The Metaverse is a term used to describe the concept of a future iteration of the internet, made up of persistent, shared, 3D virtual spaces linked into a perceived virtual universe.

The Metaverse is expected to be richly integrated into the physical world, thereby creating a new medium and economy for work, leisure, and innovation, while transforming long-standing industries and markets such as finance, banking, retail, education, health, fitness.

Bloomberg Intelligence believes the market opportunity for the Metaverse can reach $800 billion by 2024, while disruptive-innovation investment specialists ARK Invest estimates that revenue from virtual worlds could hit $400bn by 2025, up from approximately $180bn in 2021.

In developing the ETF, Roundhill has partnered with Ball Metaverse Research Partners, a newly-formed indexing and research firm.

Matthew Ball, Managing Partner of Ball Metaverse Research Partners, said: “We consider the emergence of the Metaverse to be as transformative and valuable as the emergence of mobile internet and the fixed-line internet that preceded it. It likely will touch every industry and profession, enlarging and disrupting today’s leaders and leading to countless new companies and technologies.”

The fund tracks the Ball Metaverse Index which was developed and will be maintained by an ‘Expert Council’.

In addition to Matthew Ball, the council includes Jerry Heinz, Vice President of cybersecurity start-up ActZero; Jacob Navok, co-Founder and CEO of interactive streaming technology firm Genvid Technologies; Jesse Walden, Managing Partner of Variant Fund, a venture capital firm investing in crypto networks; Jonathan Glick, former Senior Vice President of Product & Technology at The New York Times Electronic Media Company; Anna Sweet, CEO of Bad Robot Games; and Imran Sarwar, former Director of Design and co-Producer of blockbuster video games Grand Theft Auto V and Red Dead Redemption 2.

The index selects its constituents from a universe of stocks listed globally that have market capitalizations above $250 million and average daily trading volumes greater than $2m.
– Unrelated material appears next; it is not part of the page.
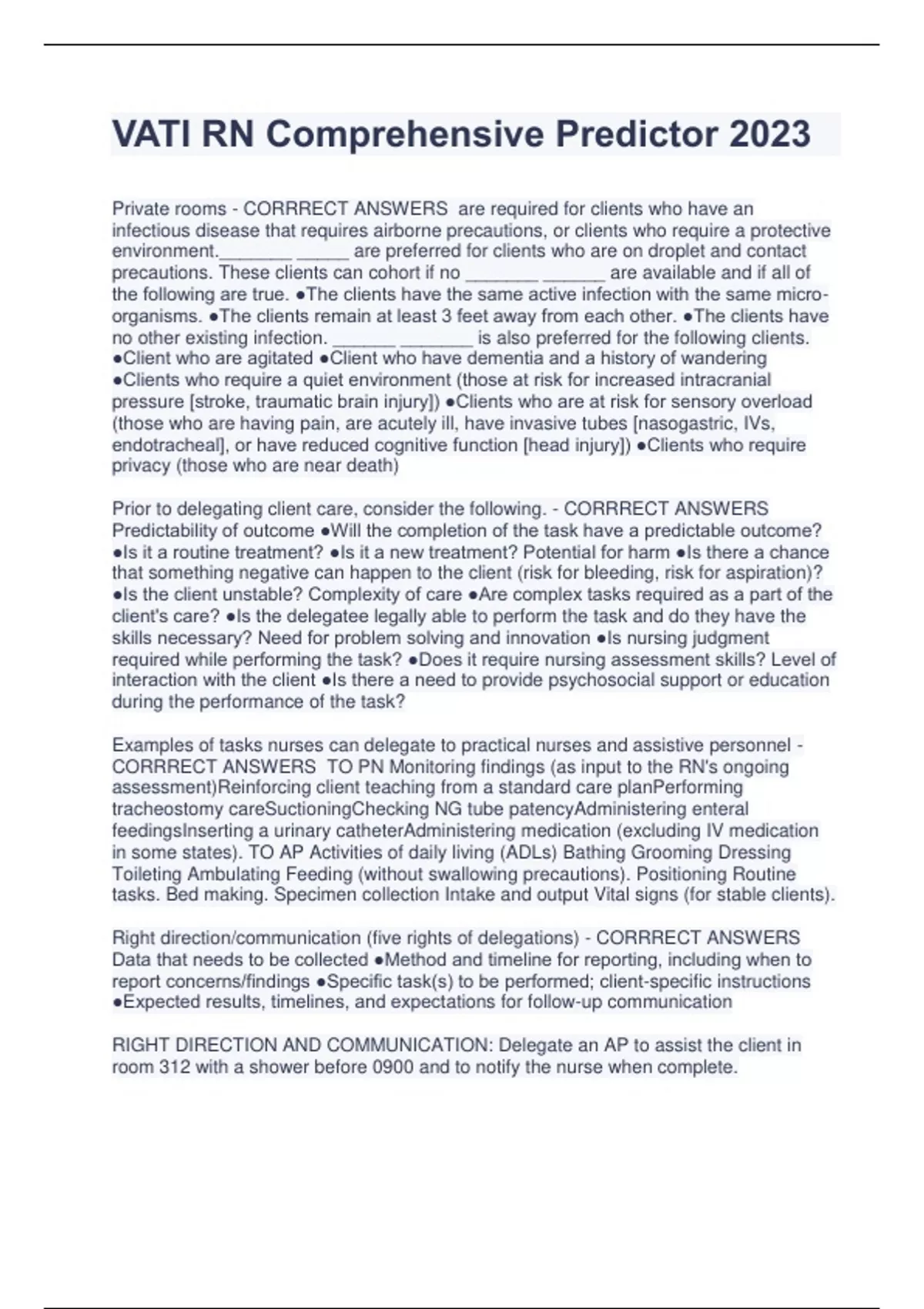 VATI RN Comprehensive Predictor 2023 Private rooms - CORRRECT ANSWERS are required for clients who have an infectious disease that requires airborne precautions, or clients who require a protective environment._______ _____ are preferred for clients who are on droplet and contact precautions. These clients can cohort if no _______ ______ are available and if all of the following are true. ●The clients have the same active infection with the same microorganisms. ●The clients remain at least 3 feet away from each other. ●The clients have no other existing infection. ______ _______ is also preferred for the following clients. ●Client who are agitated ●Client who have dementia and a history of wandering ●Clients who require a quiet environment (those at risk for increased intracranial pressure [stroke, traumatic brain injury]) ●Clients who are at risk for sensory overload (those who are having pain, are acutely ill, have invasive tubes [nasogastric, IVs, endotracheal], or have reduced cognitive function [head injury]) ●Clients who require privacy (those who are near death) Prior to delegating client care, consider the following. - CORRRECT ANSWERS Predictability of outcome ●Will the completion of the task have a predictable outcome? ●Is it a routine treatment? ●Is it a new treatment? Potential for harm ●Is there a chance that something negative can happen to the client (risk for bleeding, risk for aspiration)? ●Is the client unstable? Complexity of care ●Are complex tasks required as a part of the client's care? ●Is the delegatee legally able to perform the task and do they have the skills necessary? Need for problem solving and innovation ●Is nursing judgment required while performing the task? ●Does it require nursing assessment skills? Level of interaction with the client ●Is there a need to provide psychosocial support or education during the performance of the task? Examples of tasks nurses can delegate to practical nurses and assistive personnel - CORRRECT ANSWERS TO PN Monitoring findings (as input to the RN's ongoing assessment)Reinforcing client teaching from a standard care planPerforming tracheostomy careSuctioningChecking NG tube patencyAdministering enteral feedingsInserting a urinary catheterAdministering medication (excluding IV medication in some states). TO AP Activities of daily living (ADLs) Bathing Grooming Dressing Toileting Ambulating Feeding (without swallowing precautions). Positioning Routine tasks. Bed making. Specimen collection Intake and output Vital signs (for stable clients). Right direction/communication (five rights of delegations) - CORRRECT ANSWERS Data that needs to be collected ●Method and timeline for reporting, including when to report concerns/findings ●Specific task(s) to be performed; client-specific instructions ●Expected results, timelines, and expectations for follow-up communication RIGHT DIRECTION AND COMMUNICATION: Delegate an AP to assist the client in room 312 with a shower before 0900 and to notify the nurse when complete. WRONG DIRECTION AND COMMUNICATION: Delegate an AP to assist the client in room 312 with morning hygiene. Steps in providing educational programs - CORRRECT ANSWERS 1. Identify and respond: Determine the need for knowledge or skill proficiency 2. Analyze: Look for deficiencies, and develop learning objectives to meet the need 3. Research: Resources available to address learning objectives based on evidence-based practice 4. Plan: Program to address objectives using available resources 5. Implement: Program(s) at a time conducive to staff availability; consider online learning modules 6. Evaluate: Use materials and observations to measure behavior changes secondary to learning objectives Tetralogy of Fallot. - CORRRECT ANSWERS Four defects that result in mixed blood flow: Pulmonary stenosis, ventricular septal defect, overriding aorta, right ventricular hypertrophy. Cyanosis at birth: progressive cyanosis over the first year of life. Systolic murmur. Episodes of acute cyanosis and hypoxia (blue or "Tet" spells knee chest position or squating). SURGICAL PROCEDURES Shunt placement until able to undergo primary repair. Complete repair within the first year of life. Defects that increase pulmonary blood flow - CORRRECT ANSWERS Ventricular septal defect (VSD) (20.1) Atrial septal defect (ASD), Patent ductus arteriosus (PDA), Defects that increase pulmonary blood flow Ventricular septal defect (VSD) - CORRRECT ANSWERS _______ A hole in the septum between the right and left ventricle that results in increased pulmonary blood flow (left-to-right shunt) ●Loud, harsh murmur auscultated at the left sternal border ●Heart failure ●Many VSDs close spontaneously early in life. Defects that increase pulmonary blood flow Atrial septal defect (ASD) - CORRRECT ANSWERS A hole in the septum between the right and left atria that results in increased pulmonary blood flow (left-to-right shunt) ●Loud, harsh murmur with a fixed split second heart sound ●Heart failure ●Asymptomatic (possibly) Defects that increase pulmonary blood flow Patent ductus arteriosus (PDA) - CORRRECT ANSWERS A condition in which the normal fetal circulation conduit between the pulmonary artery and the aorta fails to close and results in increased pulmonary blood flow (left-to-right shunt) ●Systolic murmur (machine hum) ●Wide pulse pressure ●Bounding pulses ●Asymptomatic (possibly) ●Heart failure ●Rales Obstructive defects - CORRRECT ANSWERS include those where blood flow exiting the heart meets an area of narrowing (stenosis), which causes obstruction of blood flow. ●The pressure that occurs before the defect is increased (ventricle) and the pressure that occurs after the defect is decreased. This results in a decrease in cardiac output. ●These children can present with manifestations of heart failure. Pulmonary stenosis (20.2), Aortic stenosis, Coarctation of the aorta (20.3) Pulmonary stenosis (20.2) - CO

It captures several categories of the Metaverse, which are weighted according to their ability to generate revenue from the Metaverse theme. Any single category is capped at 25%.

The categories are:

Hardware: The sale and support of physical technologies and devices used to access and interact with the Metaverse.

Compute: companies enabling and supplying computing power to support the Metaverse.

Networking: companies providing real-time connections, high bandwidth, and data services to consumers.

Virtual Platforms: companies developing and operating immersive digital, three-dimensional simulations and worlds wherein users can participate in a variety of experiences.

Interchange Standards: companies building tools, protocols, services, and engines that serve as standards for interoperability, and enable the creation, operation, and ongoing improvements to the Metaverse.

Payments: The support of digital payment processes and operations, which includes fiat on-ramps to pureplay digital currencies and financial services.

Content, Assets, and Identity Services: The design, creation, sale, resale, storage, secure protection, and financial management of digital assets, such as virtual goods and currencies, as connected to user data and identity.

Companies assigned to each category as defined as either ‘pure-play’, ‘core’, or ‘non-core’ depending on how critical the Metaverse is to that firm’s economic success.

At each rebalance, the weighting of securities within each category is set so that pure-play companies receive two and a half times the weight of core firms and five times the weight of those designated as non-core. Any single firm is capped at 8%.

The index is reconstituted and rebalanced on a quarterly basis.

Over three-quarters (76.1%) of the index is currently allocated to stocks listed in the US with the next-largest country exposures being China (9.9%), Taiwan (6.2%), and Singapore (2.7%).

Companies operating in the computing components and cloud computing industries each account for roughly a quarter of the index weight with gaming platforms (19.3%) and consumer electronics (8.9%) also playing significant roles.

Notbale positions include Nvidia (8.1%), Roblox (4.8%), Microsoft (4.5%), Tencent Holdings (4.4%), Taiwan Semiconductor (3.8%), Fastly (3.7%), Autodesk (3.5%), and Amazon (3.5%).